Recruitment• 3 Min read

31st March 2020

COVID-19 – 7 ways to keep employees motivated while they work from home

COVID-19 is providing challenges for every aspect of life. Something businesses are having to adapt to is entire workforces working remotely in order to protect their staff and the wider community. Remote working can present challenges, especially when it comes to workforce engagement and team morale. Here are our top 7 tips on how to best engage a remote team.

Stay connected and communicate frequently

It’s important to keep in touch with your employees while you all work remotely, whether that’s via email, text message, Whatsapp group or video conferencing. The added benefit of video conferencing is that you’re seeing the person on the other end, which in times of isolation could benefit the wellbeing of individuals who are spending a lot of time alone. Without the usual office interactions of shared cigarette breaks or meeting in the kitchen to make a coffee, individuals can feel like they are stuck out on a limb and that their professional progress is stagnating. This can make people feel incredibly demotivated and is easily counteracted with a solid communication stragety in place for remote workers. Connecting in different ways can be extrememly positive as it fosters a ‘we are all in this together’ mindset.

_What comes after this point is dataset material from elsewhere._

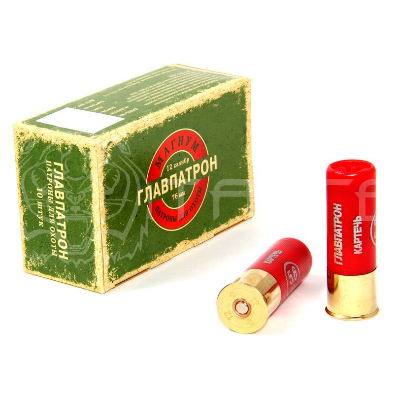 Магнум - патрон 12/16/76 с навеской картечи 46 гр. Патроны снаряжаются картечью 5,6 мм. Пыж-контейнер полиэтиленовый: H10 - Н19. Способ закрытия гильзы - звезда. Упаковка - 10/200 шт. Применение пороха M92S обеспечивает высокие скорости дроби и картечи: V1 от 395 до 415 м/сек. Таким патроном можно уверенно стрелять на дистанциях 50 – 60 метров.

Regular check-ins and debriefs

There’s a fine balance mastering how often you should catch up with your employees while working remotely. As long as people have clear goals and plans for their days/weeks and know they can come to you for support, advice or guidance on tasks, there’s no issue with you leaving them to it. At the end of the week, get everyone in your team on a video call and run through how the week went, how they’re finding working in isolation and discuss plans for weekends! Why not bring your team together once a day by holding a ‘tea break’ together via video chat or host a quiz or challenge!


Instead of creating a regimented day plan like employees might have in the office, why not set expectations of tasks that need to be completed by the end of the day or week. That way, the power is on the employee to get the tasks done – however they want to it done. Some tasks are obviously more vital to keeping a business running than others and there should be a system in place to ensure these tasks takes priority.


Foster a growth mindset

Whilst working remotely, many of the usual facets of every day office life can be forgotten, and this can often include recognising personal and professional achievements. If your workforce are used to being motivated via incentives, weekly meetings or regular performance reviews, it’s vital to keep those elements in place, even if they have to be approached in a different way. Even well-established teams require both challenge and recognition to prevent lethargy and demotivation from setting in. Fostering a growth mindset can come in incredibly handy in preparing for unprecedented situations. Viewing each new challenge as an opportunity to stretch outside of the comfort zone can make the experience a learning one. Encouraging thinking outside of the comfort zone and focusing on potential means the team will be less afraid to take risks, and more likely to break free of the usual processes, maybe even finding new and more efficient ways to achieve the same goal. There is more information on the growth mindset here.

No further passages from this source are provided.